Preparation of Standard Solutions

A stock solution containing 1g L^− 1 of the target herbicide was prepared by dissolving 10 ± 0.1 mg reference standard in 10 mL of acetonitrile and stored at -4°C. All intermediate working solutions (0.04, 0.1, 0.20, 0.4 or 1.0 mg L^− 1 were prepared by serial dilution to determine the accuracy, precision, linearity, and sensitivity.

Sample Preparation

Onion samples were prepared following the QuEChERS method (Anastassiades et al. 2003) and validated as per guidelines of the European Commission (SANTE 2020) for residues determination and dissipation kinetics of quizalofop ethyl. A representative chopped homogenized sample of onion (leaf/bulb) (500g) was smeared thoroughly in a Robot Cuope Blixer 6 v.v (Ridgeland, MS) vertical mixer at 756 ×g speed for 5 min. An aliquot of 10 g was placed in a centrifuge tube (50 mL), to which 10 mL acetonitrile was added and the mix vortexed for 1 min. Afterward, 4 g MgSO₄ and 1 g NaCl were added and the mix was immediately vigorously hand shaken and centrifuged in Superspin, Plasto-Craft Centrifuge for 5 min at 8495×g. An aliquot from the upper layer (5 mL) was subjected to clean-up by dispersive solid-phase extraction (d-SPE) using primary secondary amine (PSA) sorbent (250 mg), anhydrous MgSO₄ (750 mg), and centrifugation at 8495 ×g speed for 5 min. The final supernatant (1 mL) was filtered through 0.22 µm nylon 66 membrane filter paper (SGE Analytical Science Pvt. Ltd, Mumbai, India) and subjected to HPLC chromatographic analysis at 235 nm absorbance. All experiments were performed in triplicate.

Method Validation

The method validation study was carried out on onion (leaf, immature and mature bulb) and soil samples (not treated with target pesticide) with linearity, the limit of detection (LOD), the limit of quantification (LOQ), accuracy, and precision. The performance of the analytical method was assessed as per the single laboratory validation approach of Kollipara et al. (2011).

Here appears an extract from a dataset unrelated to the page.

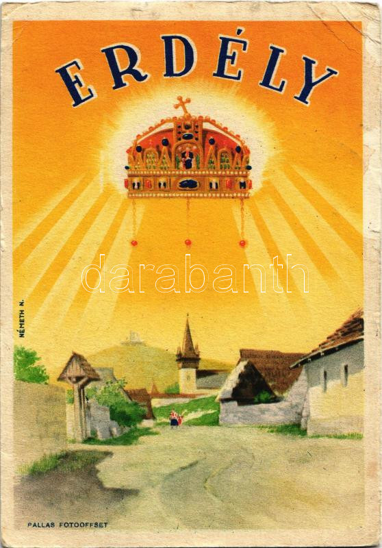 1940 Erdélyi részek visszacsatolásának emlékére. Megjöttünk testvérek! Hozzuk a szívünket, de ha kell, Erdélyért adjuk a vérünket! / entry of the Hungarian troops to Transylvania, irredenta propaganda s: Németh N. + "1940 Dés visszatért" So. Stpl. (EB)
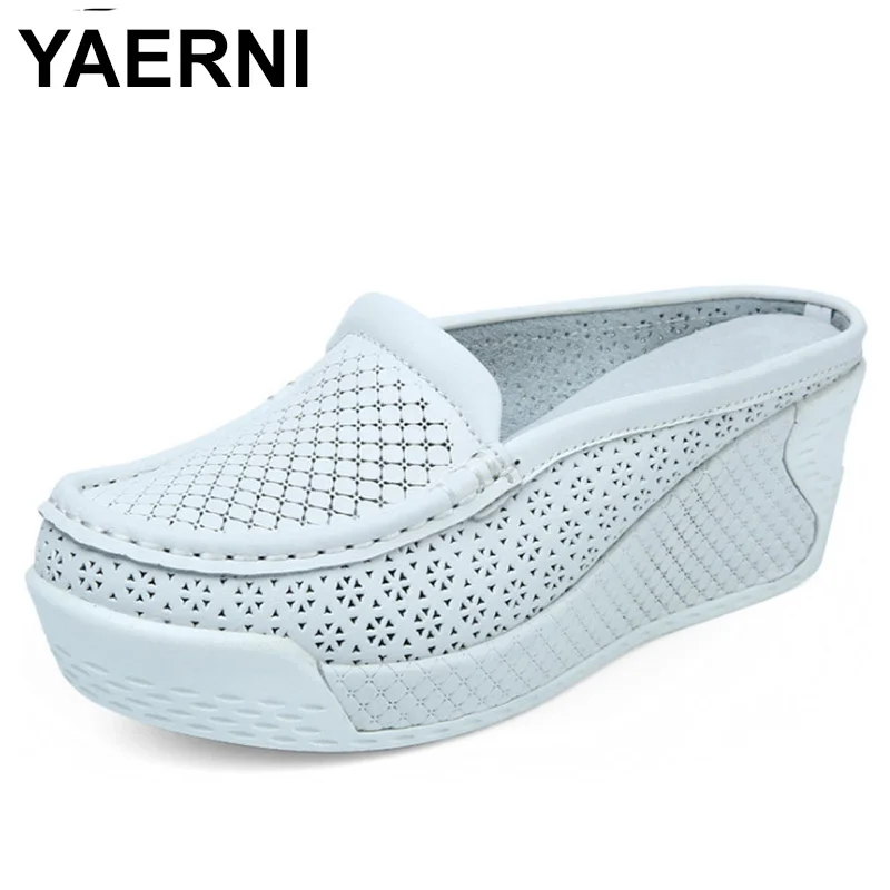 Женские туфли-лодочки YAERNI, летние, повседневные, с ремешком на пятке, слипоны, сетчатые, на платформе, E883

Optimization of Chromatographic and Spectrometric Conditions

Optimization of chromatographic conditions of Quizalofop ethyl was done with separation using reverse-phase HPLC columns. Separation and peak shapes were determined with reverse-phase BDS Hypersil C18 column (4.6 mm×250 mm×5 µm) using water: acetonitrile (30:70, v/v) as the mobile phase. Since Quizalofop ethyl produced good absorption at 235 nm, this wavelength was used for detection and quantification.

The final determination of quizalofop-p-ethyl was performed by liquid chromatography tandem mass spectrometry (UPLC-MS/MS) by injecting 10 µL analytes to the system controlled by Analyst 1.5 software for data collection and analysis. Analytes were separated onto a Zorbax ultra aqueous reverse phase C-18 (150 × 3 mm i.d., 3.5 µm particle size) column (Agilent Technologies, USA) maintained at 35°C temperature. The mobile phase was prepared using (A) 5mM ammonium formate in methanol and (B) 5 mM ammonium formate in water. The gradient elution program was as follows: A (95%) B (5%) at the initial time (0 min), A (95%) B (5%) (at 0.96 min), A (50%) B (50%) (at 2.79 min), A (10%) B (90%) (at 5.64 min), A (10%) B (90%) (at 6.55 min), A (95%) B (5%) (at 7.54 min), A (95%) B (5%) (at 8.00 min). The mobile phase flow rate was 0.35 ml min^− 1 using binary pump with total run time of 14 min.

Calibration and Linearity

Calibration and linearity were assessed by internal standardization over the range 0.04-1.0 mg kg^-1. The matrix-matched standard calibration curves were created at 5 levels (and blank) and injected in duplicates.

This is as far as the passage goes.